Work required: Only the lines from the one with "amour L' amour |" to the end of the data below should be given again, exactly, with both ends included and pictures omitted.

Exercise data:
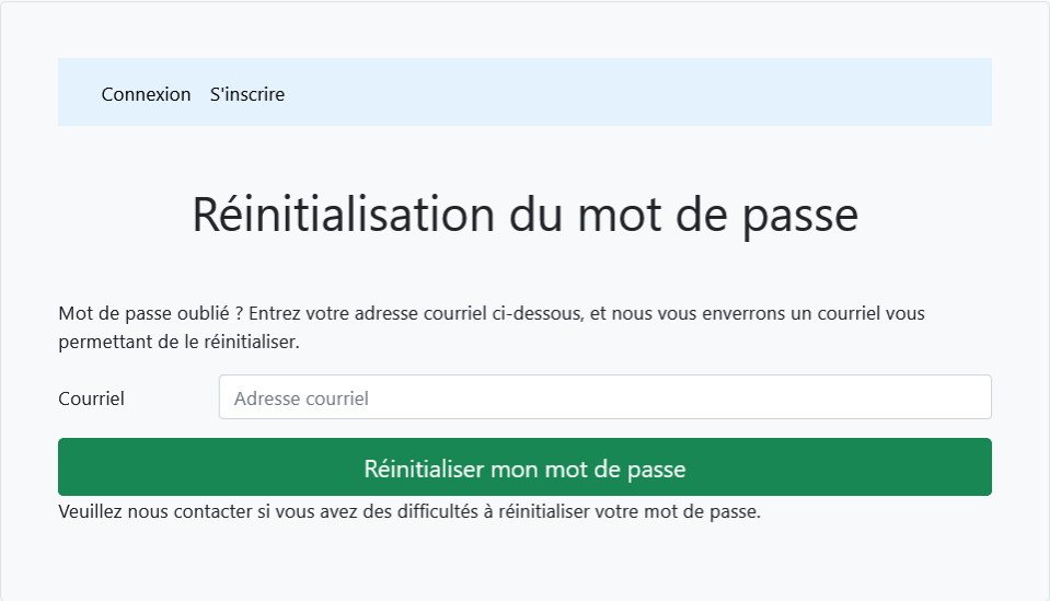 Sur l'écran de connexion, cliquez sur 'Réinitialiser mon mot de passe'. Vous serez redirigé vers une page où vous devrez saisir votre adresse e-mail. Une fois l'e-mail saisi, cliquez sur le bouton vert 'Réinitialiser mon mot de passe'.
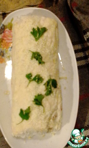 Перед подачей достаем рулет из холодильника, разворачиваем фольгу, выкладываем на блюдо. Можно сверху оформить зеленью и сыром.
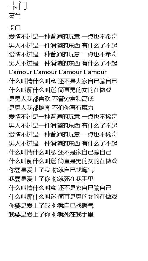 | [00:59.03] | L' amour L' amour L' amour L' amour |
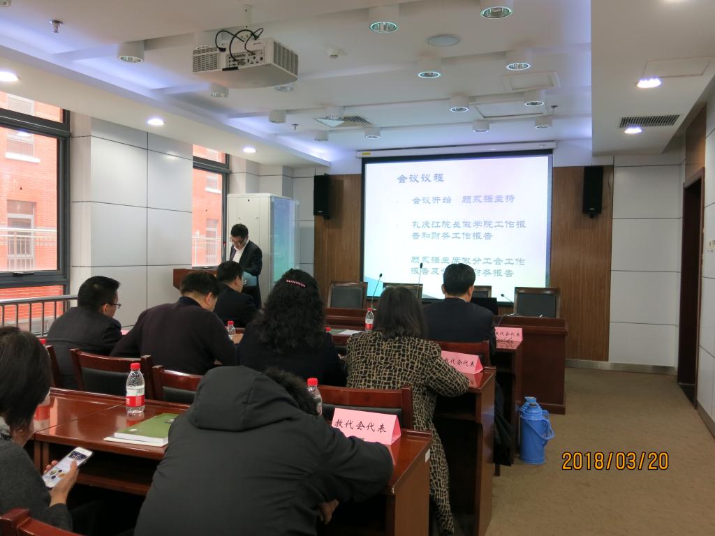 在学院路校区召开第三届教职工代表大会第四次会议暨2017年度教职工年终总结大会。大会由顾永强书记主持。

Solution for this task:
 | [00:59.03] | L' amour L' amour L' amour L' amour |
 在学院路校区召开第三届教职工代表大会第四次会议暨2017年度教职工年终总结大会。大会由顾永强书记主持。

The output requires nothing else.